Sent from my iPhone using Tapatalk


----------



## MSK (Aug 13, 2008)

It's been well over 10 years since I have had any game bred dogs I am honestly surprised the prices have changed that much. Supply and demand I suppose.


----------



## MSK (Aug 13, 2008)

Would like to add I know for certain if I wanted more again I could get some similarly bred for 600 but I have connections because it's all down from my old dogs.


----------



## DynamicDuo (Sep 3, 2016)

You’re lucky then. Even with some of the connections I’ve started to acquire I’m looking at $1500 for a well bred dog. There are some going cheaper but they’re curs or parvo survivors - things like that. 

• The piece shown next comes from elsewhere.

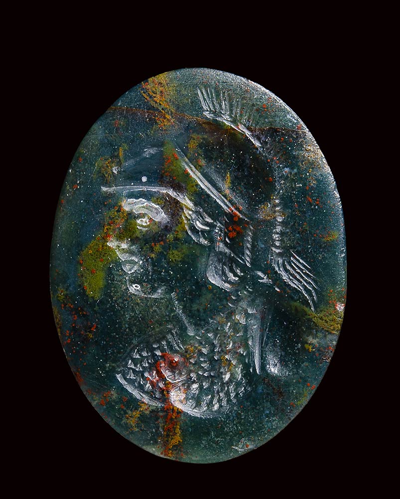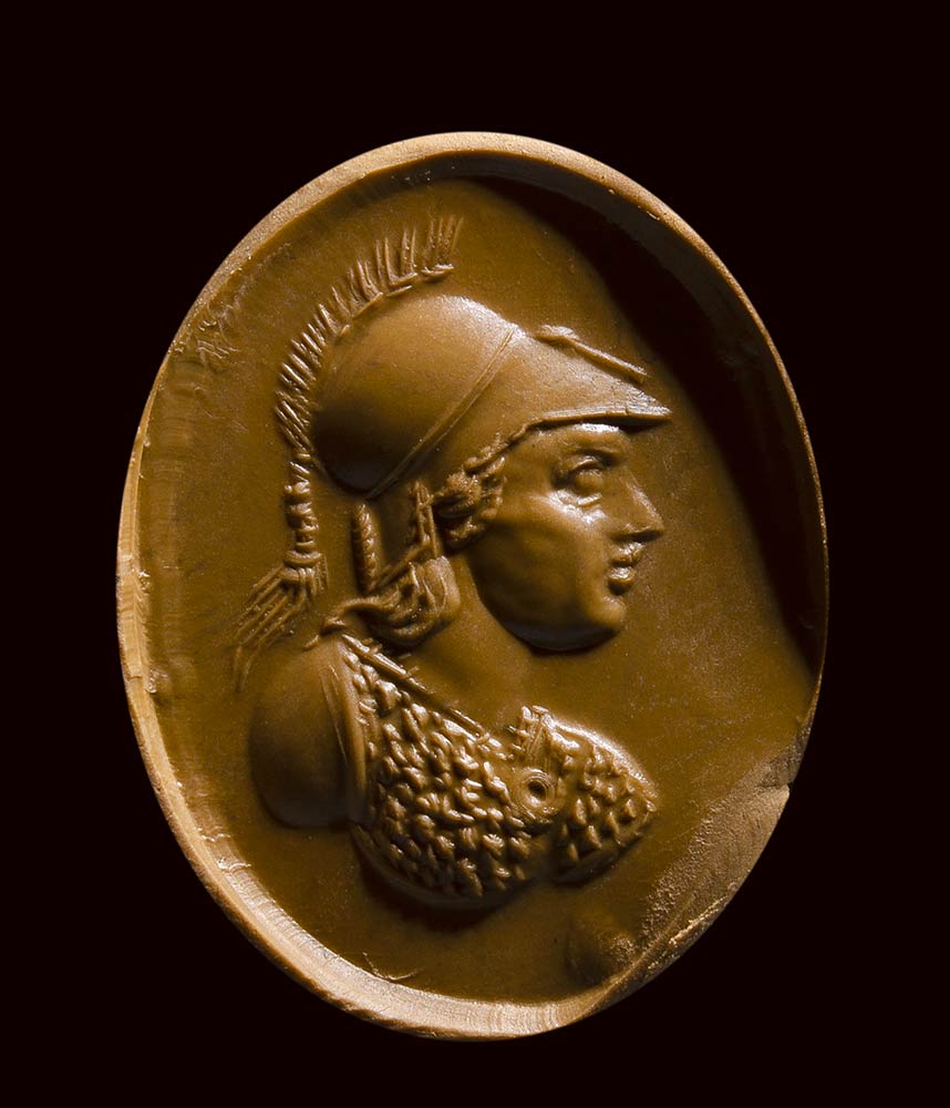 The helmeted divinity faces left and is depicted with a well-detailed bust decorated with a gorgoneion. Attractive variety of heliotrope, characterized by multi-colored inclusions. The stone is large in size and shows signs of wear on the entire surface.
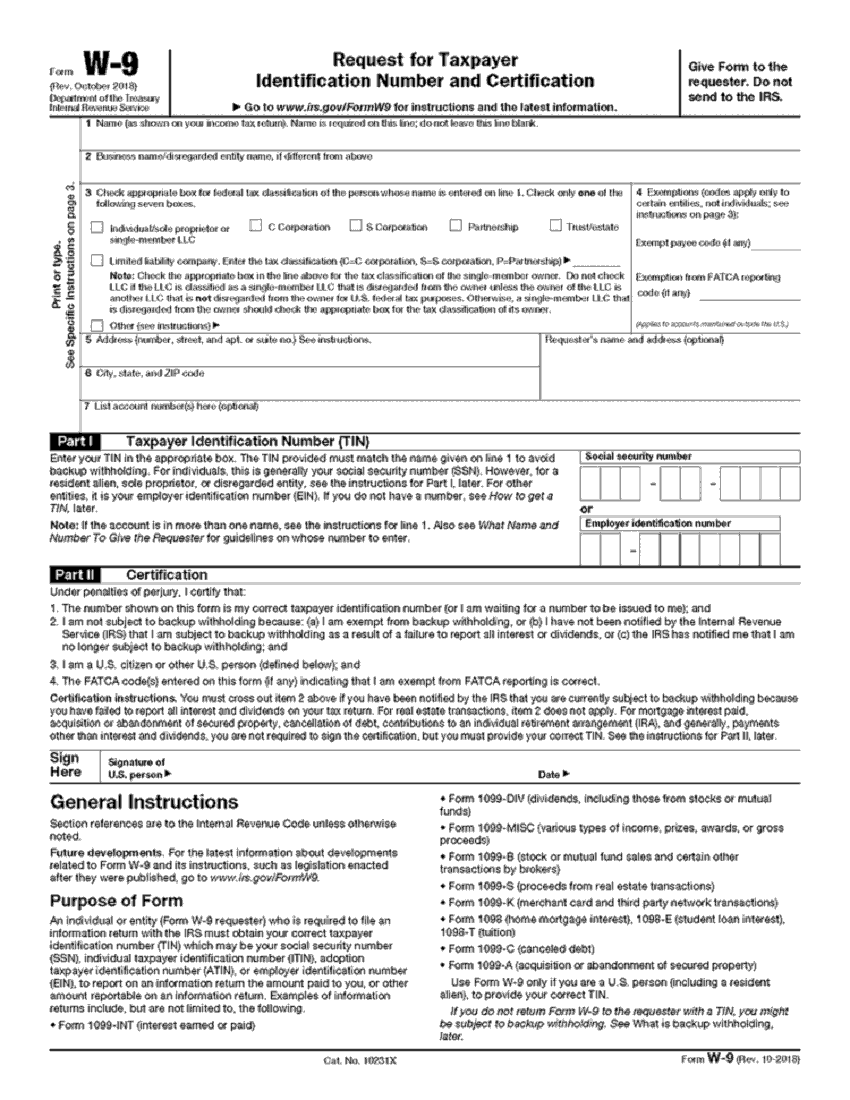 Form W-9 (Rev. October 2018) Department of the Treasury Internal Revenue Service Request for Taxpayer Identification Number and Certification ▶ Go to www.irs.gov/FormW9 for instructions and the latest information. Give Form to the requester. Do not send to the IRS. Print or type. See Specific Instructions on page 3. 1 Name (as shown on your income tax return). Name is required on this line; do not leave this line blank. 2 Business name/disregarded entity name, if different from above 3 Check appropriate box for federal tax classification of the person whose name is entered on line 1. Check only one of the following seven boxes. Individual/sole proprietor or C Corporation S Corporation PartnershipTrust/estate single-member LLC Limited liability company. Enter the tax classification (C=C corporation, S=S corporation, P=Partnership) ▶ Note: Check the appropriate box in the line above for the tax classification of the single-member owner. Do not check LLC if the LLC is classified as a single-member LLC that is disregarded from the owner unless the owner of the LLC is another LLC that is not disregarded from the owner for U.S. federal tax purposes. Otherwise, a single-member LLC that is disregarded from the owner should check the appropriate box for the tax classification of its owner. Other (see instructions) ▶ 4 Exemptions (codes apply only to certain entities, not individuals; see instructions on page 3): Exempt payee code (if any) Exemption from FATCA reporting code (if any) (Applies to accounts maintained outside the U.S.) 5 Address (number, street, and apt. or suite no.) See instructions. Requester’s name and address (optional) 6 City, state, and ZIP code 7 List account number(s) here (optional) Part I Taxpayer Identification Number (TIN) Social security number – – Employer identification number – Part II Certification Note: If the account is in more than one name, see the instructions for line 1. Also see What Name and Number To Give the Requester for guidelines on whose number to enter. Under penalties of perjury, I certify that: 1. The number shown on this form is my correct taxpayer identification number (or I am waiting for a number to be issued to me); and 2. I am not subject to backup withholding because: (a) I am exempt from backup withholding, or (b) I have not been notified by the Internal Revenue Service (IRS) that I am subject to backup withholding as a result of a failure to report all interest or dividends, or (c) the IRS has notified me that I am no longer subject to backup withholding; and 3. I am a U.S. citizen or other U.S. person (defined below); and 4. The FATCA code(s) entered on this form (if any) indicating that I am exempt from FATCA reporting is correct. Certification instructions. You must cross out item 2 above if you have been notified by the IRS that you are currently subject to backup withholding because you have failed to report all interest and dividends on your tax return. For real estate transactions, item 2 does not apply. For mortgage interest paid, acquisition or abandonment of secured property, cancellation of debt, contributions to an individual retirement arrangement (IRA), and generally, payments other than interest and dividends, you are not required to sign the certification, but you must provide your correct TIN. See the instructions for Part II, later. Sign Here Signature of U.S. person ▶Date ▶ General Instructions Section references are to the Internal Revenue Code unless otherwise noted. Future developments. For the latest information about developments related to Form W-9 and its instructions, such as legislation enacted after they were published, go to www.irs.gov/FormW9. Purpose of Form An individual or entity (Form W-9 requester) who is required to file an information return with the IRS must obtain your correct taxpayer identification number (TIN) which may be your social security number (SSN), individual taxpayer identification number (ITIN), adoption taxpayer identification number (ATIN), or employer identification number (EIN), to report on an information return the amount paid to you, or other amount reportable on an information return. Examples of information returns include, but are not limited to, the following. • Form 1099-INT (interest earned or paid) • Form 1099-DIV (dividends, including those from stocks or mutual funds) • Form 1099-MISC (various types of income, prizes, awards, or gross proceeds) • Form 1099-B (stock or mutual fund sales and certain other transactions by brokers) • Form 1099-S (proceeds from real estate transactions) • Form 1099-K (merchant card and third party network transactions) • Form 1098 (home mortgage interest), 1098-E (student loan interest), 1098-T (tuition) • Form 1099-C (canceled debt) • Form 1099-A (acquisition or abandonment of secured property) Use Form W-9 only if you are a U.S. person (including a resident alien), to provide your correct TIN. If you do not return Form W-9 to the requester with a TIN, you might be subject to backup withholding. See What is backup withholding, later. Cat. No. 10231XForm W-9 (Rev. 10-2018)

Sent from my iPhone using Tapatalk


----------



## tanman (Aug 7, 2018)

idk what to do. wanted to buy one of the pups for 1.5k ready to put down the deposit to hold it. now im second guessing myself, because i am a beginner. I just don't want to miss out and not be able to find one with good blood here local. Im in ky and the breeder is in Ky too... he had 2 pups to sale now he has 1 left


----------



## DynamicDuo (Sep 3, 2016)

My advice would be to get an easier dog for a first dog. You can still get a quality, well bred dog that would not be quite the handful this pup would likely be. The kennel doing this breeding is not going to stop breeding any time soon so you can always look to get a pup off a future breeding once you have more experience.

There’s lots of quality dogs in the south. Try to hit some shows and talk to some breeders to find what you like that may be more beginners “speed”. Hope that helps...


Sent from my iPhone using Tapatalk


----------